Consistency diffusion language models: Up to 14x faster, no quality loss
5 days ago
- #AI
- #Language Models
- #Diffusion Models
- Consistency diffusion language models (CDLM) are introduced to accelerate diffusion language model inference by combining consistency-based multi-token finalization with block-wise KV caching, achieving up to 14.5x latency speedups on math and coding tasks.

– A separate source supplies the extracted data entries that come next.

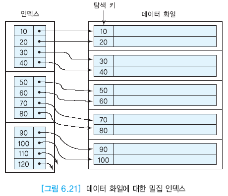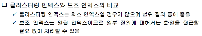 밀집은 정렬되지 않는곳에서 보통 사용 보조인덱스는 정렬되지 않는 데이터에 사용
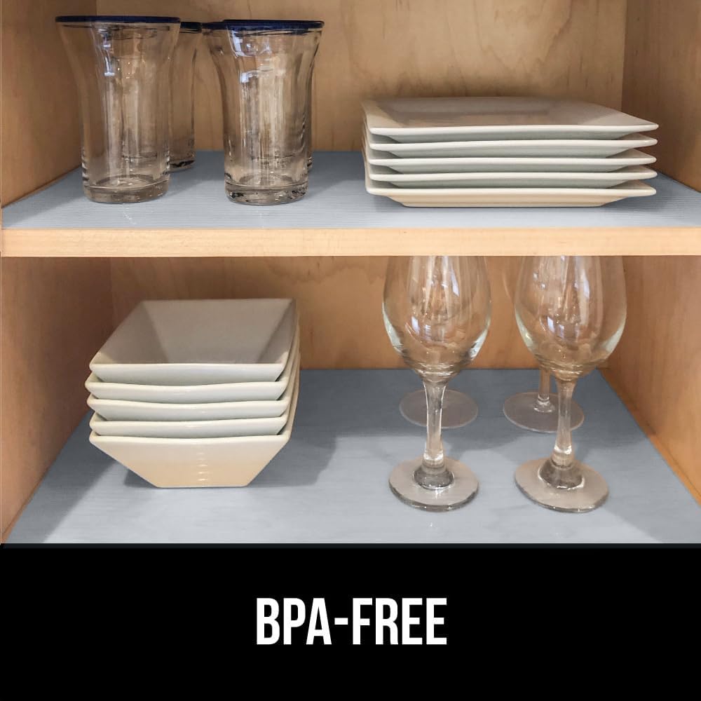 - STRONG GRIP: the Gorilla Grip DuraGuard shelf liner is a durable non adhesive liner designed to stay firmly in place on shelves, drawers and cabinets; will also help keep your items in place; they help to prevent dishware and other fragile items from shifting; designed to help reduce slipping and bunching in your drawers and cabinets
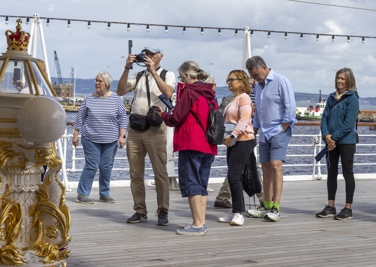 The busy Verandah Deck filled with visitors listening to fascinating stories about Britannia on the audio guided tour.
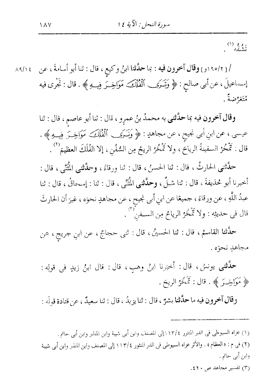 وَقَالَ آخَرُونَ فِيهِ بِمَا: حَدَّثَنِي بِهِ مُحَمَّدُ بْنُ عَمْرٍو قَالَ: ثنا أَبُو عَاصِمٍ، قَالَ: ثنا عِيسَى، عَنِ ابْنِ أَبِي نَجِيحٍ، عَنْ مُجَاهِدٍ: {§وَتَرَى الْفُلْكَ مَوَاخِرَ فِيهِ} [النحل: 14] قَالَ: «تَمْخُرُ السَّفِينَةُ الرِّيَاحَ، وَلَا تَمْخُرُ الرِّيحَ مِنَ السُّفُنِ إِلَّا الْفُلْكُ الْعِظَامُ» . حَدَّثَنِي الْحَرْثُ قَالَ: ثنا الْحَسَنُ قَالَ: ثنا وَرْقَاءُ، وَحَدَّثَنِي الْمُثَنَّى قَالَ: أَخْبَرَنَا أَبُو حُذَيْفَةَ قَالَ: ثنا شِبْلُ، وَحَدَّثَنِي الْمُثَنَّى قَالَ: ثنا إِسْحَاقُ قَالَ: ثنا عَبْدُ اللَّهِ، عَنْ وَرْقَاءَ جَمِيعًا، عَنِ ابْنِ أَبِي نَجِيحٍ، عَنْ مُجَاهِدٍ نَحْوَهُ، غَيْرَ أَنَّ الْحَرْثَ قَالَ فِي حَدِيثِهِ: وَلَا تُمْخَرُ الرِّيَاحُ مِنَ السُّفُنِ. حَدَّثَنَا الْقَاسِمُ قَالَ: ثنا الْحُسَيْنُ قَالَ: ثني حَجَّاجٌ، عَنِ ابْنِ جُرَيْجٍ، عَنْ مُجَاهِدٍ، نَحْوَهُ
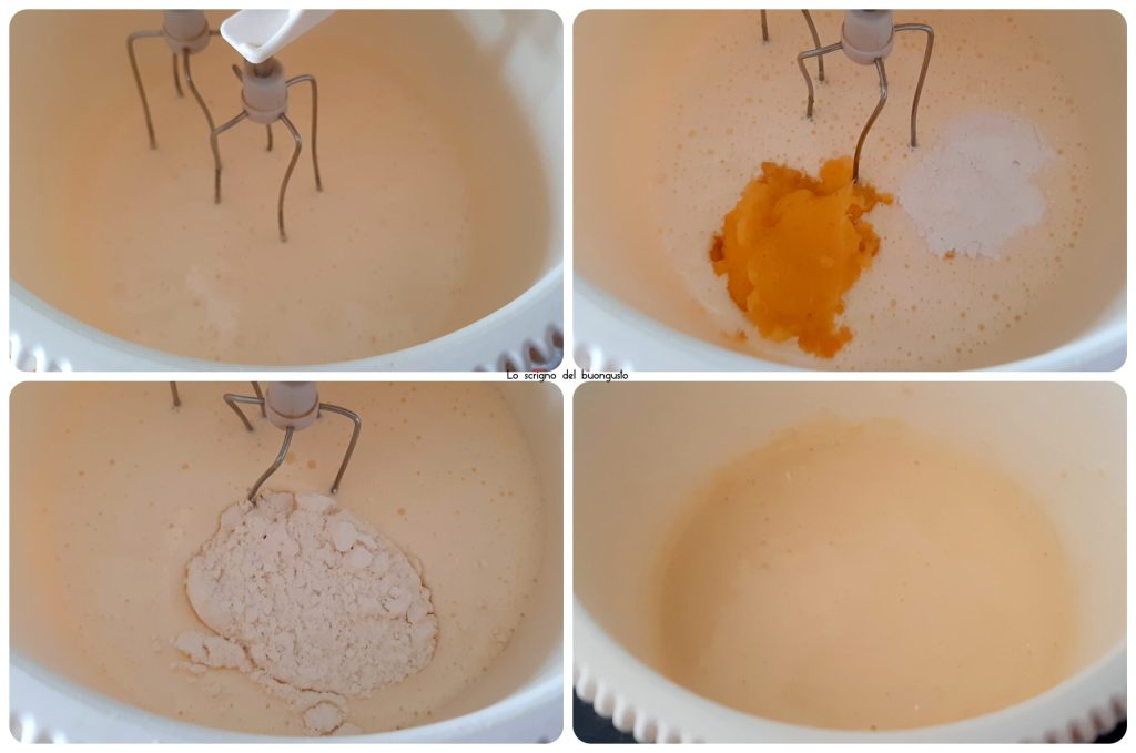 Dans le batteur, mettre les œufs avec le sucre et travailler à grande vitesse, puis ajouter le lait et l’huile et mélanger à basse vitesse.
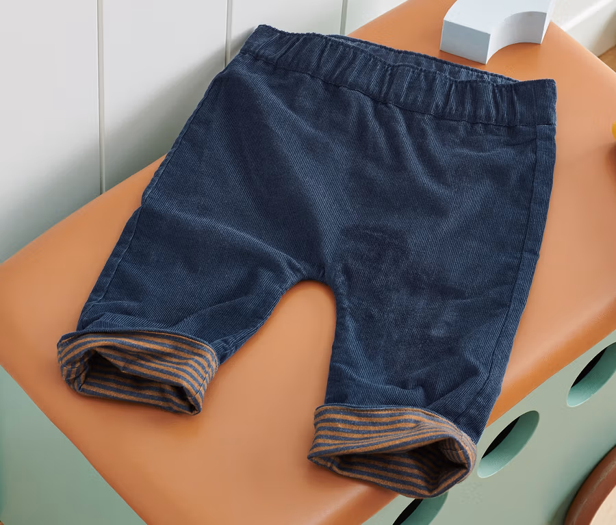 - 1 Seite aus weichem Cord, 1 Seite aus Single-Jersey

- Diffusion Language Models (DLMs) iteratively refine a partially masked sequence over multiple sampling steps, enabling parallel generation and bidirectional context exploitation for tasks like text infilling and refinement.
- Standard DLMs suffer from KV caching incompatibility under full bidirectional attention and require high refinement step counts to maintain quality, making inference expensive.
- CDLM addresses these inefficiencies through a post-training recipe that enables reliable fewer-step inference and exact block-wise KV caching.
- CDLM training involves trajectory collection, block-causal student and attention mask, and joint minimization of distillation loss, consistency loss, and auxiliary DLM masked-denoising loss.
- At inference, CDLM decodes in a block-wise autoregressive manner with confidence-thresholded parallel finalization and early stopping, focusing on exact KV caching and reliable step reduction.
- CDLM–Dream achieves significant step reductions (4.1x–7.7x) and latency improvements (up to 14.5x) while maintaining competitive accuracy on math and coding tasks.
- Block-wise DLMs (CDLM) balance arithmetic intensity and memory access, making them efficient for small-batch settings compared to AR decoding and vanilla DLMs.
- CDLM’s benefits are expected to grow with stronger DLM backbones, as it can be applied to any block-diffusion model.
- CDLM enables exact KV caching while preserving bidirectional context within each block, retaining local refinement capabilities and improving inference efficiency.